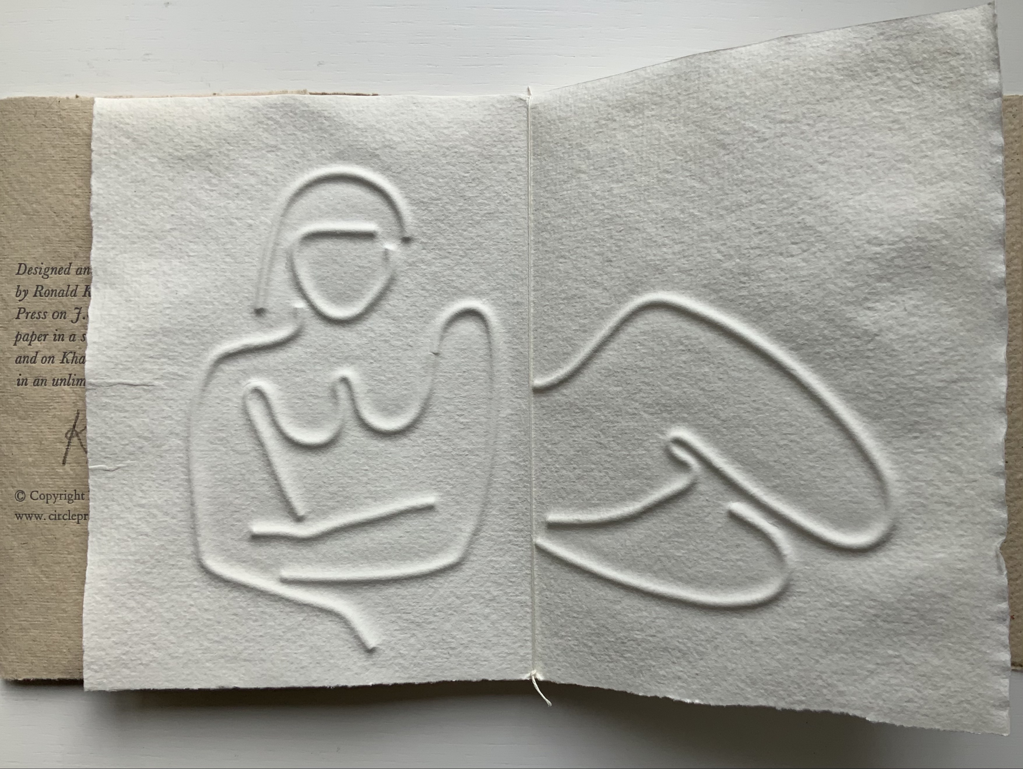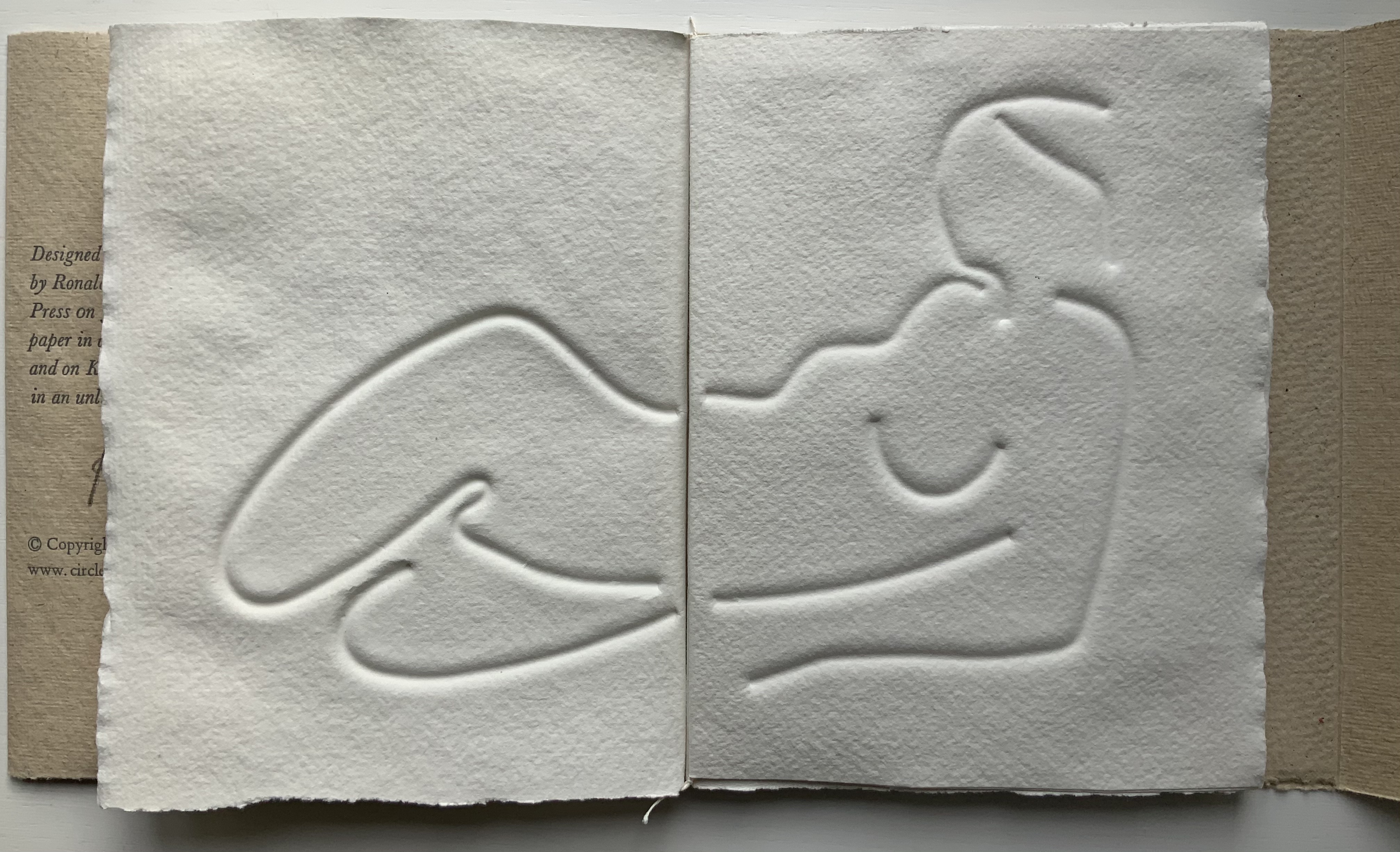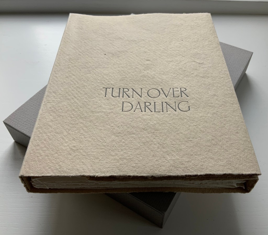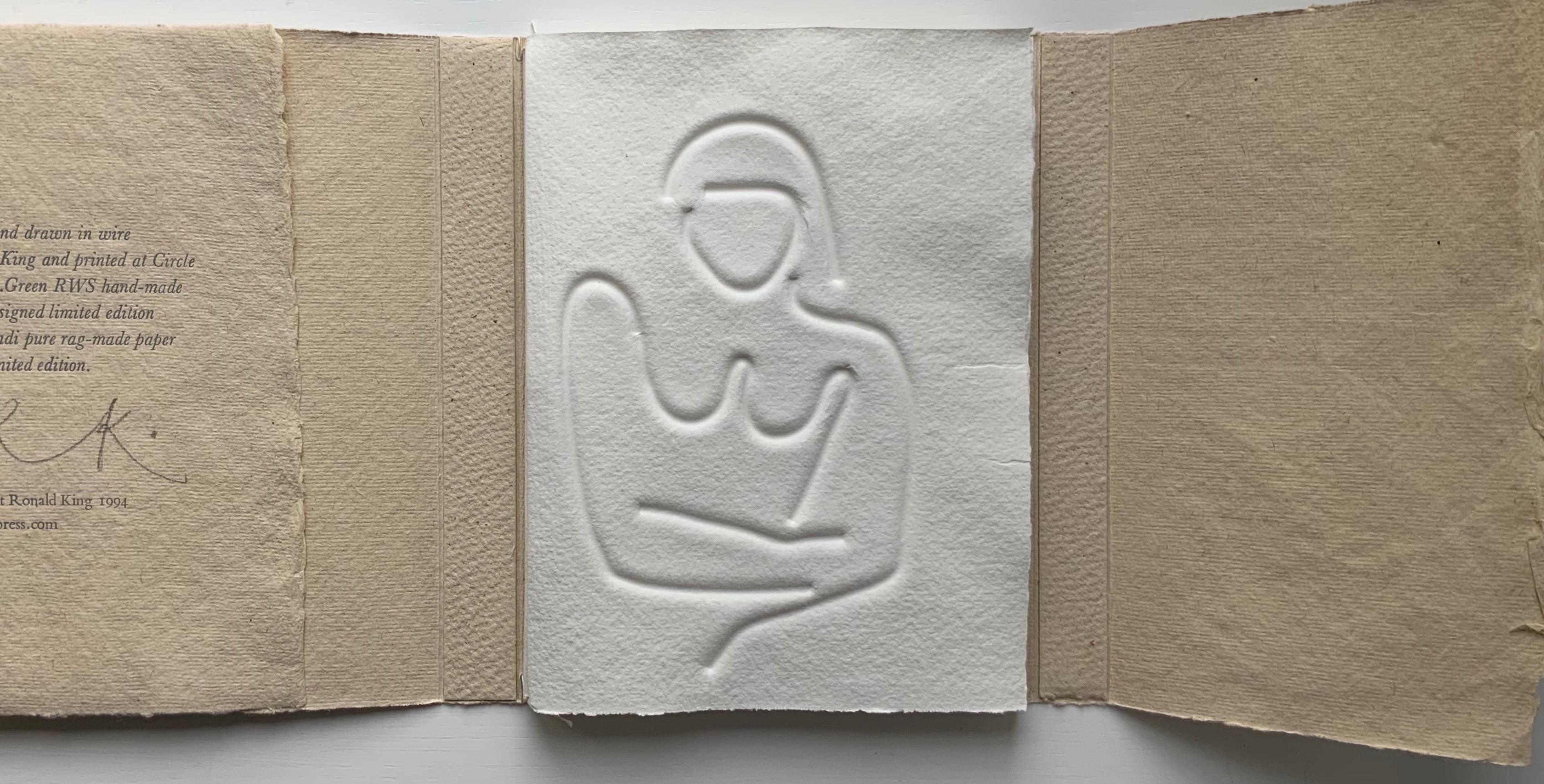 Turn Over Darling (1994) Ron King Slipcase (H204 x W153 x D28 mm) containing a light brown paper portfolio (H195 x W150 x D24) into which are hand-sewn six sheets (H190 x W282) of J. Green RWS hand-made paper, folded in half, bearing embossed and debossed images of a female figure. A signed copy from the limited edition of 75. Acquired from the artist, 1 December 2020. Photos: Books On Books Collection, displayed with artist’s permission.
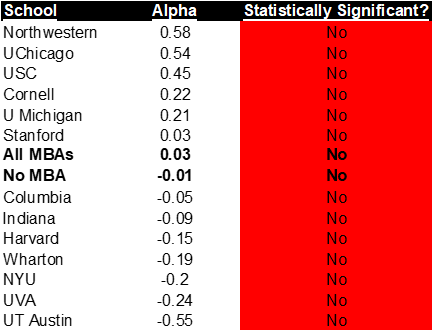 The perceived quality of each institution appeared to have no correlation with stock price returns. Northwestern led with an alpha of 0.58% per month. Stanford eked out a barely positive alpha of 0.03% per month. Harvard and Wharton had negative alphas of -0.15% and -0.19%, respectively, per month. While these rankings likely occurred by sheer chance, they do nothing to support Jensen’s thesis.
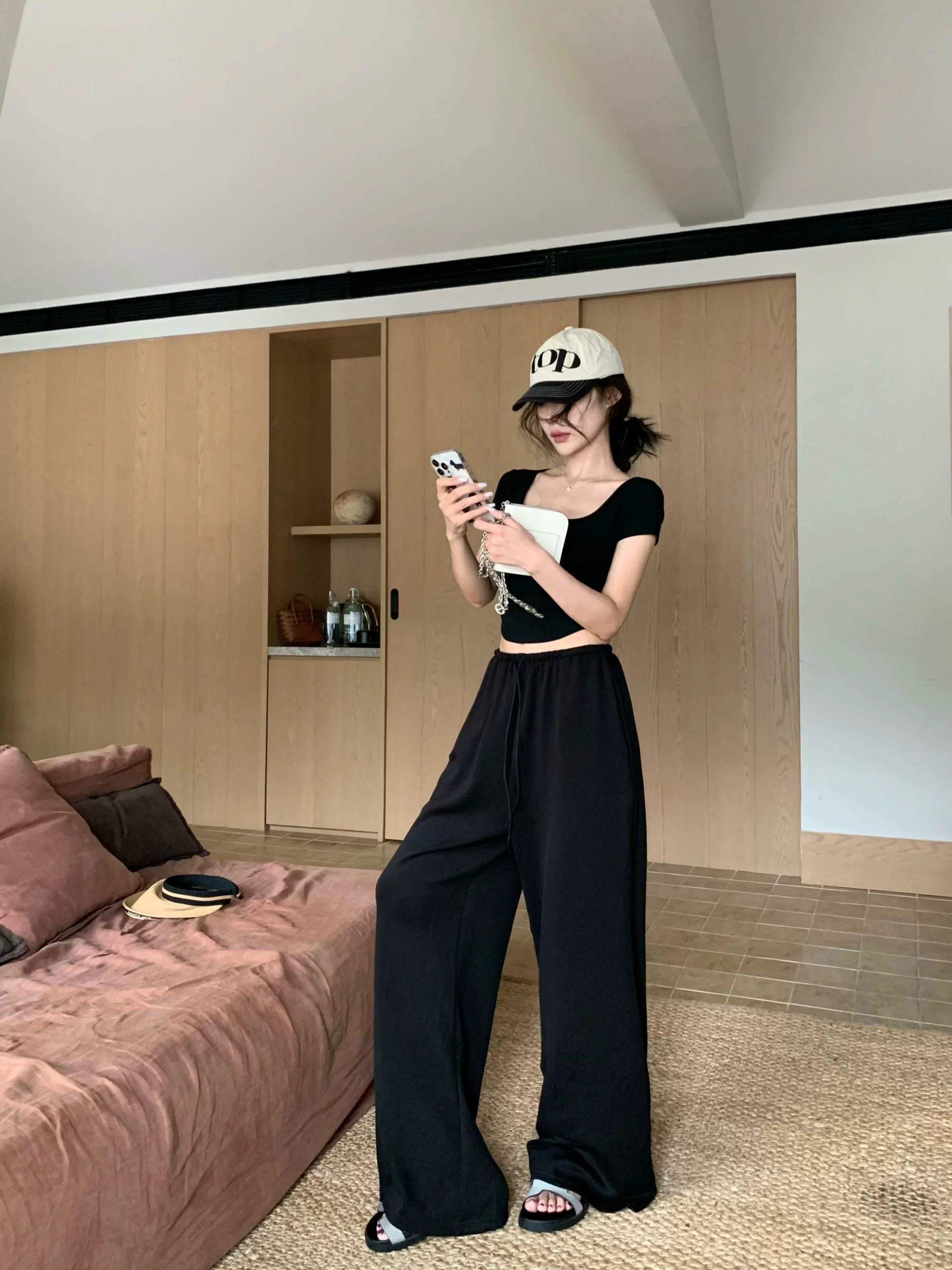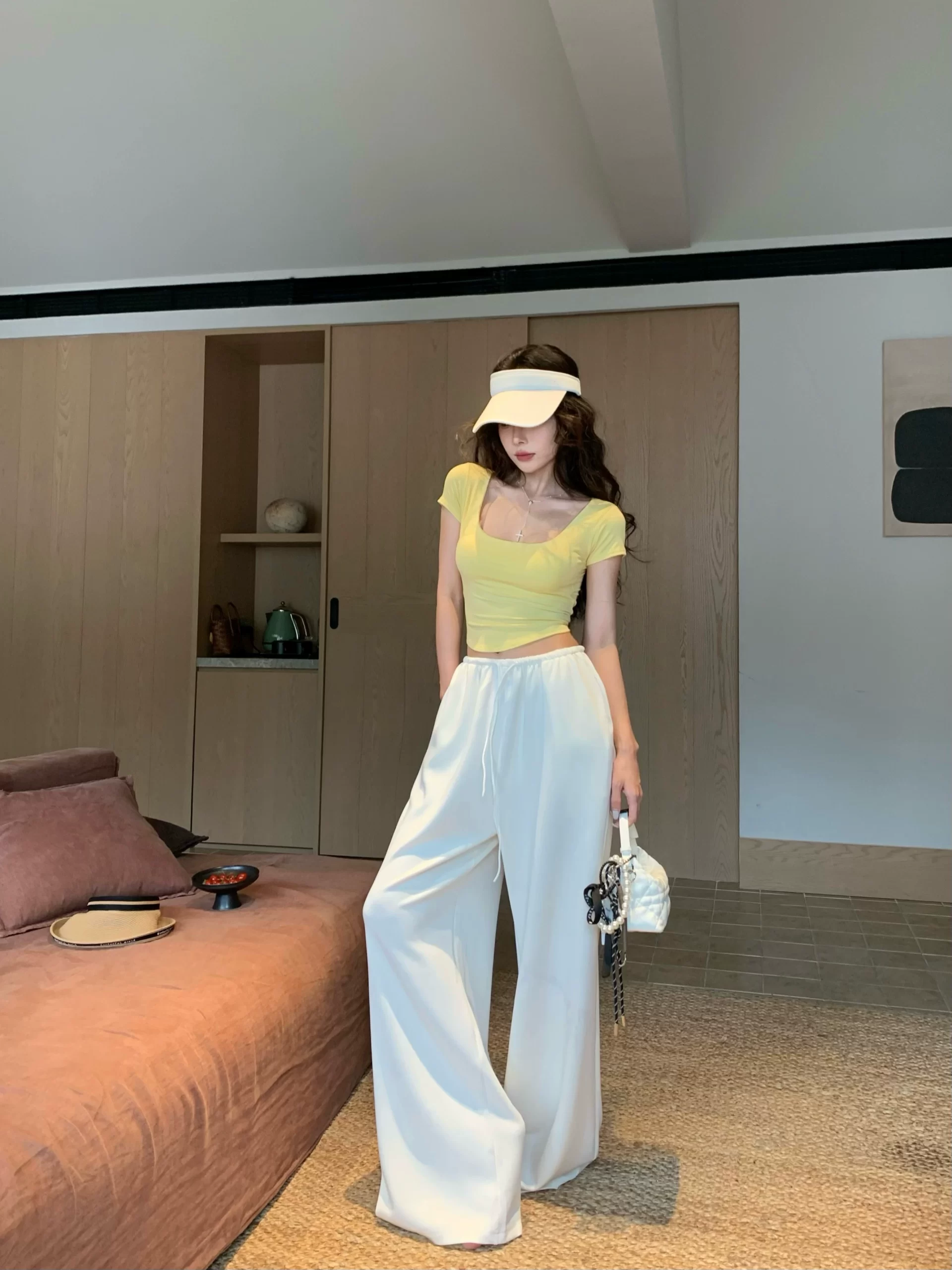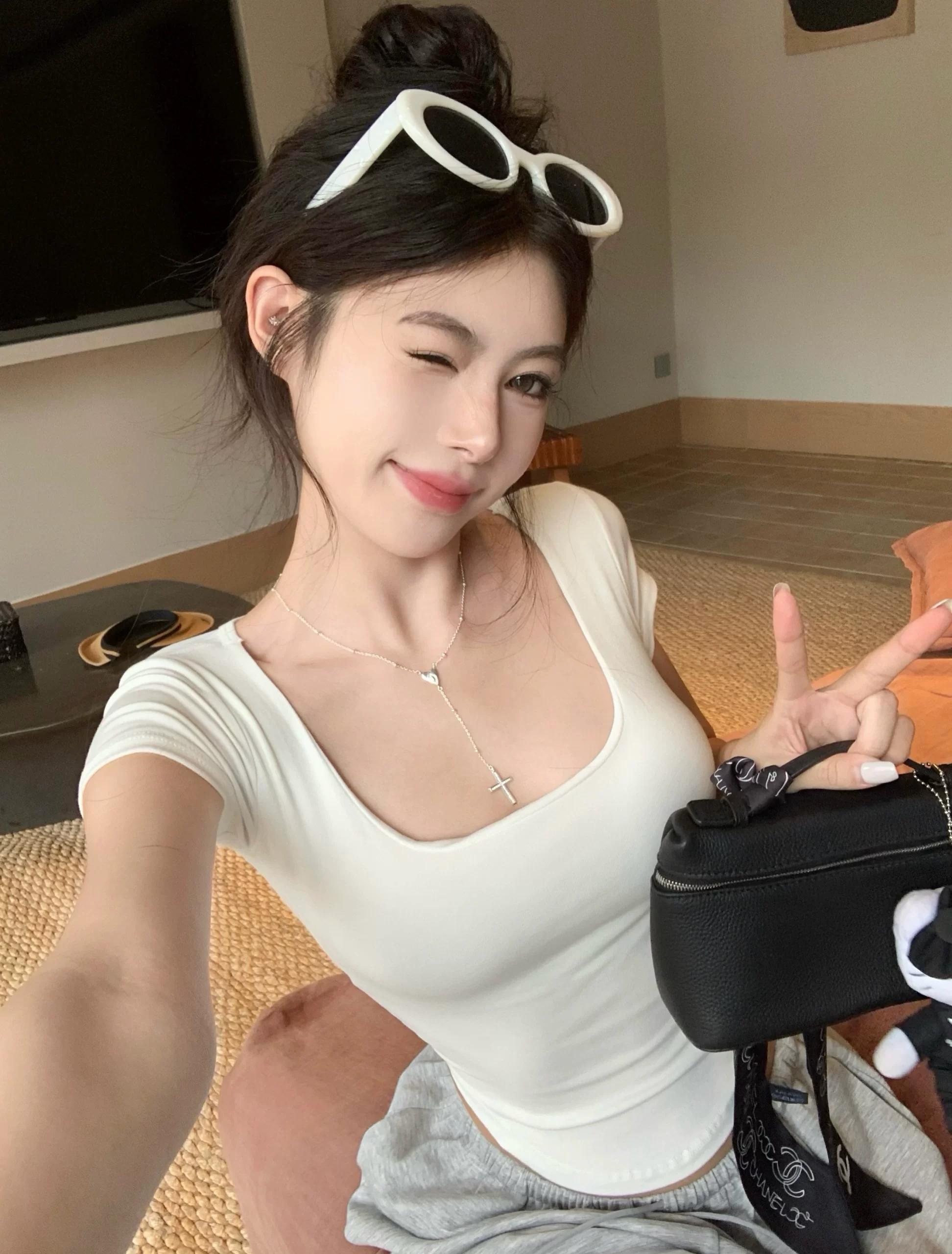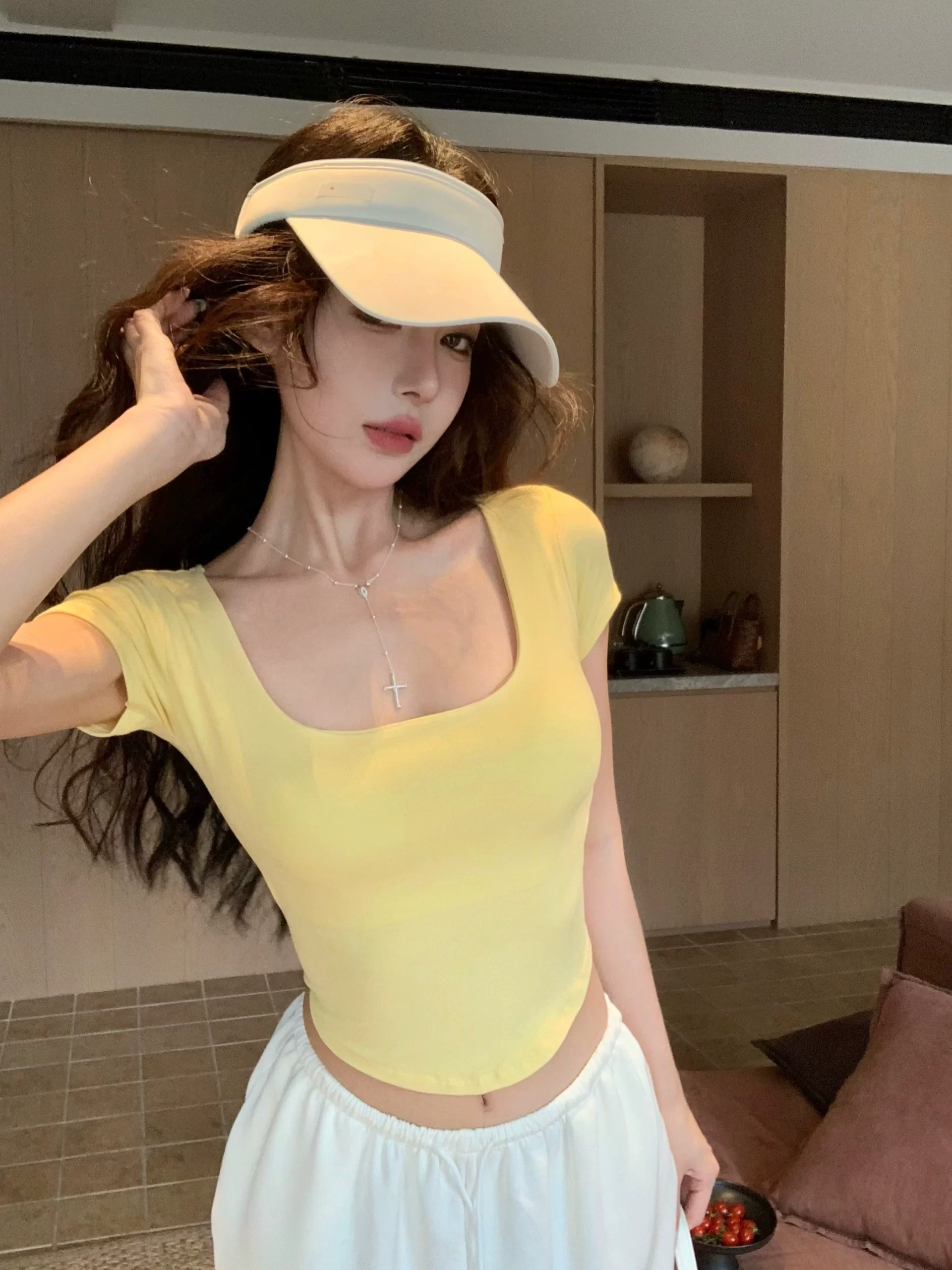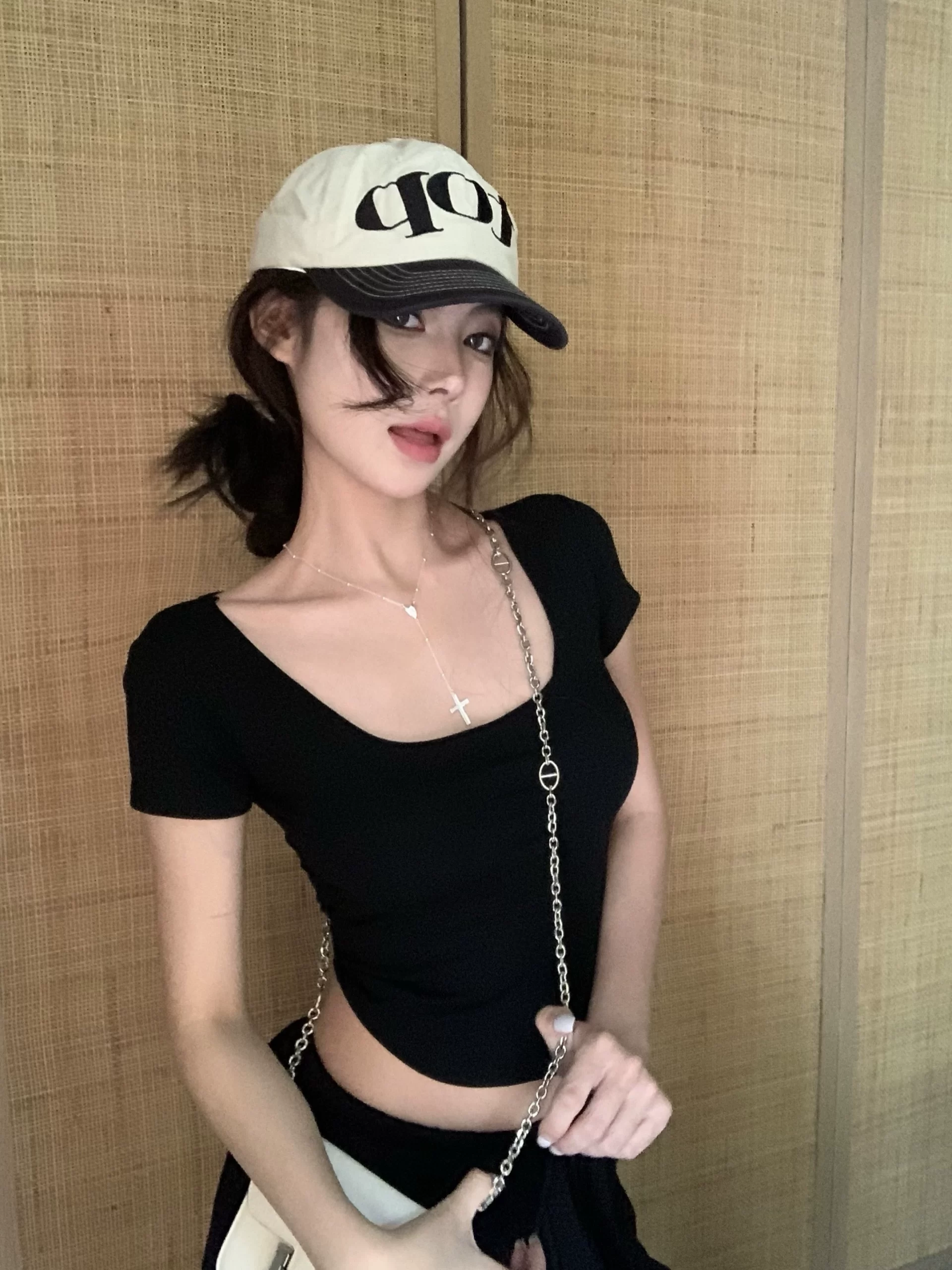 | nameOriginal | Right shoulder T-shirt summer slim solid color top short sleeve |

--------

--- REQUIRED WORK ---
Copy the data above line for line, skipping every picture.

--- TASK RESULT ---
 Turn Over Darling (1994) Ron King Slipcase (H204 x W153 x D28 mm) containing a light brown paper portfolio (H195 x W150 x D24) into which are hand-sewn six sheets (H190 x W282) of J. Green RWS hand-made paper, folded in half, bearing embossed and debossed images of a female figure. A signed copy from the limited edition of 75. Acquired from the artist, 1 December 2020. Photos: Books On Books Collection, displayed with artist’s permission.
 The perceived quality of each institution appeared to have no correlation with stock price returns. Northwestern led with an alpha of 0.58% per month. Stanford eked out a barely positive alpha of 0.03% per month. Harvard and Wharton had negative alphas of -0.15% and -0.19%, respectively, per month. While these rankings likely occurred by sheer chance, they do nothing to support Jensen’s thesis.
 | nameOriginal | Right shoulder T-shirt summer slim solid color top short sleeve |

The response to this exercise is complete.